Large language models know a lot. They do not know everything.

They were trained on internet text up to a cutoff date. They have no idea what happened last week. They have no idea what is in your company's internal documentation. They have no idea what your customer support tickets say.

When asked about things outside their training, they have two choices: say they do not know, or hallucinate something plausible-sounding. They often choose the latter. Confidently. Wrongly.

RAG (Retrieval-Augmented Generation) solves this by giving the model access to an external knowledge base at query time. You retrieve relevant documents and include them in the prompt as context. The model reads the context, then answers based on what it finds there, not what it vaguely remembers from training.

The result: answers grounded in your specific, current, accurate knowledge base. Hallucinations drop dramatically. The model can cite its sources. The knowledge base updates without retraining the model.


The RAG Pipeline

import os
import re
import numpy as np
from typing import List, Dict
from sentence_transformers import SentenceTransformer
from sklearn.metrics.pairwise import cosine_similarity
import warnings
warnings.filterwarnings("ignore")

np.random.seed(42)

print("RAG Pipeline Components:")
print()
print("1. DOCUMENT INGESTION")
print("   Load documents → chunk → embed → store in vector DB")
print()
print("2. RETRIEVAL")
print("   User query → embed → find top-k similar chunks")
print()
print("3. AUGMENTED GENERATION")
print("   context = retrieved chunks")
print("   prompt  = question + context")
print("   answer  = LLM(prompt)")
print()
print("The LLM never sees the full knowledge base.")
print("It only sees: the question + the retrieved context.")

Enter fullscreen mode Exit fullscreen mode


Building a Complete RAG System

class SimpleRAG:
    """A minimal but complete RAG implementation."""

    def __init__(self, embedding_model_name="all-MiniLM-L6-v2"):
        self.embed_model = SentenceTransformer(embedding_model_name)
        self.documents   = []
        self.embeddings  = None

    def add_documents(self, docs: List[Dict]):
        """Add documents with their metadata."""
        self.documents.extend(docs)
        texts = [d["text"] for d in docs]
        new_embeddings = self.embed_model.encode(texts, show_progress_bar=False)
        if self.embeddings is None:
            self.embeddings = new_embeddings
        else:
            self.embeddings = np.vstack([self.embeddings, new_embeddings])
        print(f"  Added {len(docs)} documents. Total: {len(self.documents)}")

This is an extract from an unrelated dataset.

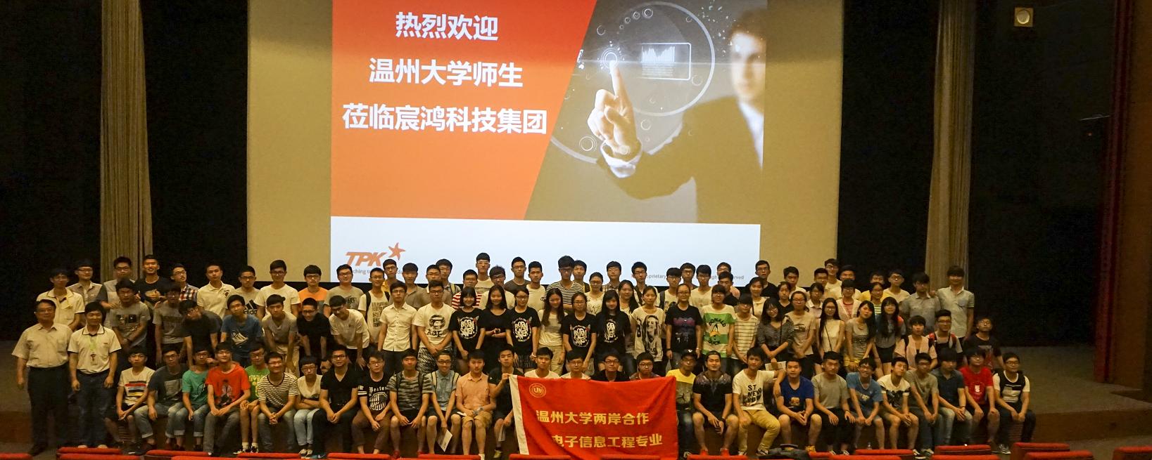 图为两岸项目学生在宸鸿公司合影

    def retrieve(self, query: str, top_k: int = 3) -> List[Dict]:
        """Find top-k most similar documents to the query."""
        query_emb   = self.embed_model.encode([query])
        similarities = cosine_similarity(query_emb, self.embeddings)[0]
        top_indices  = np.argsort(similarities)[::-1][:top_k]
        results = []
        for idx in top_indices:
            doc = self.documents[idx].copy()
            doc["score"] = float(similarities[idx])
            results.append(doc)
        return results

    def build_prompt(self, query: str, retrieved: List[Dict]) -> str:
        """Build the augmented prompt with retrieved context."""
        context_parts = []
        for i, doc in enumerate(retrieved, 1):
            source = doc.get("source", f"Document {i}")
            context_parts.append(f"[{i}] Source: {source}\n{doc['text']}")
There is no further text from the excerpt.